Preparation of Homogeneous Nanostructures in 5 Minutes for Cancer Cells Capture

1Department of Oncology, The Second Affiliated Hospital of Southeast University, Nanjing, Jiangsu 210003, China
2The Fourth Clinical Medical College of Nanjing Medical University, Nanjing, Jiangsu 210009, China
3Department of Radiation Oncology, The Affiliated Jiangsu Cancer Hospital of Nanjing Medical University, Nanjing, Jiangsu 210009, China

Received 30 December 2014; Revised 28 March 2015; Accepted 31 March 2015

Academic Editor: Yaling Liu

Copyright © 2015 Lixue Wang et al. This is an open access article distributed under the Creative Commons Attribution License, which permits unrestricted use, distribution, and reproduction in any medium, provided the original work is properly cited.
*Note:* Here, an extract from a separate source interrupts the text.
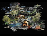 A small collection of huts in a dense jungle environment near a small lake and waterfalls. Both SoU ...
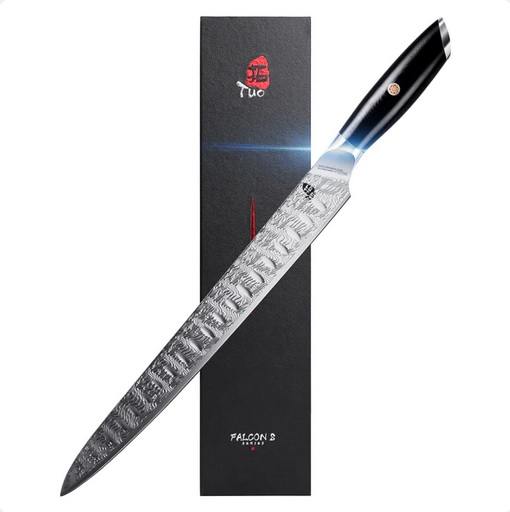 πͺA slicing knife has a long, narrow blade that tapers to a sharp point. Its narrow width means that it produces less drag as it cuts through food, allowing it to create cleaner, more uniform slices. Also, the hollow grounds could keep meat from adhering to the knife.

Grafting aptamers on nanostructured substrates has shown ultrasensitivity in isolation of circulating tumor cells (CTCs). Here, we report that over 80 cm2 of homogenous nanostructured surface on glass substrates can be prepared in 5 min after one-step dry etching. The surface area was doubled; the average diameter of nanostructures is approximately 374 nm, which is more close to the nanostructures of natural extracellular matrix. Antiepithelial cell adhesion molecule aptamers grafted nanostructured glass substrates captured over 76% of PC3 cells compared to 30% of planar substrates. Bispecific aptamers cofunctionalized nanostructured substrates, however, fail to capture cancer cells probably due to the formation of heterodimers. This limitation reveals that multispecific aptamers, when applied to cell isolation, must be analyzed to exclude any potential formation of heterodimers due to complementary sequence matching.